A produção descobriu numa pequena cidade gaúcha, Carlos Barbosa, de apenas 20.000 habitantes, um rapaz que dirigia filmes ao custo de R$150,00, no máximo. Seu nome: Felipe M.Guerra, então com 23 anos, que através de sua produtora, Necrófilos Produções Artísticas, havia realizado alguns curtas e longas em VHS, entre os quais Entrei em pânico ao saber o que vocês fizeram na sexta-feira 13 do verão passado. Felipe é jornalista, e é bastante conhecido na blogosfera como colaborador do excelente site Boca do Inferno. Por ai já dá pra ter uma idéia do gênero preferido dele.

Luciano Huck propôs que o Felipe realizasse um curta em apenas 24 horas, ao custo de R$100,00, tendo o próprio Luciano como ator principal. Proposta aceita, acompanhamos o processo de realização do filme. Usando como cenário sua própria casa, como atores gente da família e amigos da cidade (seu irmão Rodrigo, um parente, a avó Oldina do Monte, que trabalhou no filme O Quatrilho, um professor que iria se juntar a equipe depois do horário das aulas...), gravando tudo de primeira, Felipe demonstra o mesmo entusiasmo de uma criança diante de um brinquedo novo. Moço de 7 (ou quinze!) instrumentos, ele faz de (quase) tudo, da direção e roteiro aos criativos efeitos especiais, até maquiagem e transporte.

Finalizado o curta, ele foi exibido no Festival de Gramado, mas não no Palácio dos Festivais, e sim num cinema improvisado no gramado em frente da igreja.

Agora que vocês sabem de tudo sobre a produção de Mistério na Colônia, podem partir para a terceira e última etapa.

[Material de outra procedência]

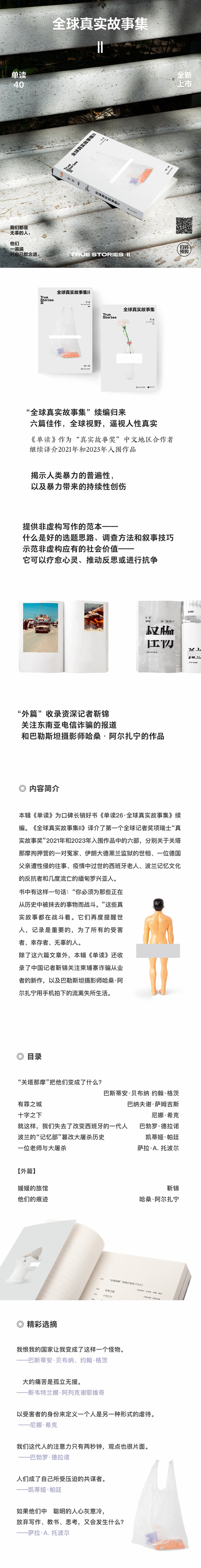 ★ 作为第一个全球记者奖项瑞士“真实故事奖”的中文地区合作者,《单读》持续关注全球传媒业的动向,继《单读26·全球真实故事集》之后,推出续编《单读40·全球真实故事集Ⅱ》,译介“真实故事奖”2021年和2023年入围作品中的六部。
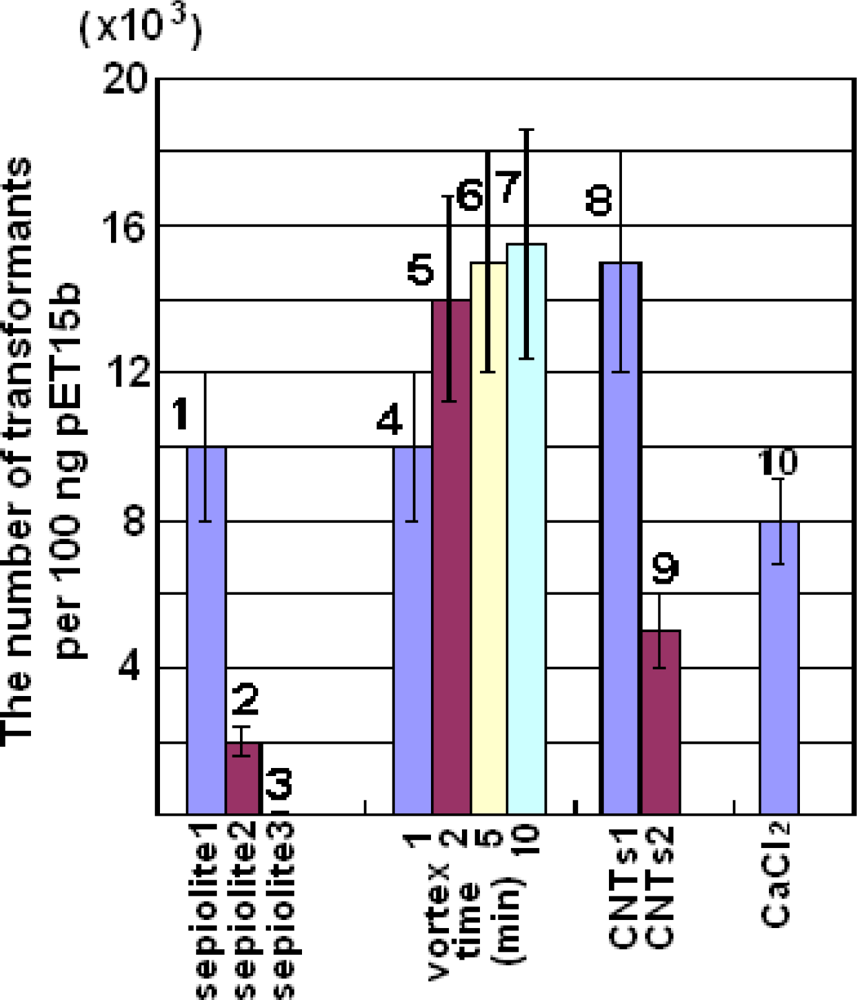 DNA transformation for Escherichia coli DH5α based on sepiolite and vortex mixing. (1–3) Untreated sepiolite (sepiolite 1), the sepiolite collected from the supernatants (sepiolite 2) and ultrasonicated sepiolite (sepiolite 3); (4–7) Effect of varying vortex operation time for sepiolite 1, from 1 to 10 min; (8–9) Untreated CNTs (CNTs1) and ultrasonicated CNTs (CNTs2). CaCl2 refers to chemical transformation method.

Em 2008, o Felipe reeditou o curta. Trabalhando basicamente sobre o mesmo material, ele gravou algumas cenas adicionais para tornar a trama mais coerente, trocou a trilha sonora anterior, de músicas clássicas, por uma mais condizente com o gênero suspense, retrabalhou algumas cenas conseguindo até atenuar a canastrice do Huck e mudou completamente o final, de uma forma que o Huck nunca poderia imaginar.

Enfim, essa nova versão é uma grata surpresa, quase outro filme. Felipe M. Guerra mostra que tem talento para emular seu gênero e seus filmes preferidos como O Massacre da Serra Elétrica e principalmente O Homem de Palha. Aguardamos agora que ele não fique restrito ao cinema de gênero, mas parta para um tipo de filme mais autoral.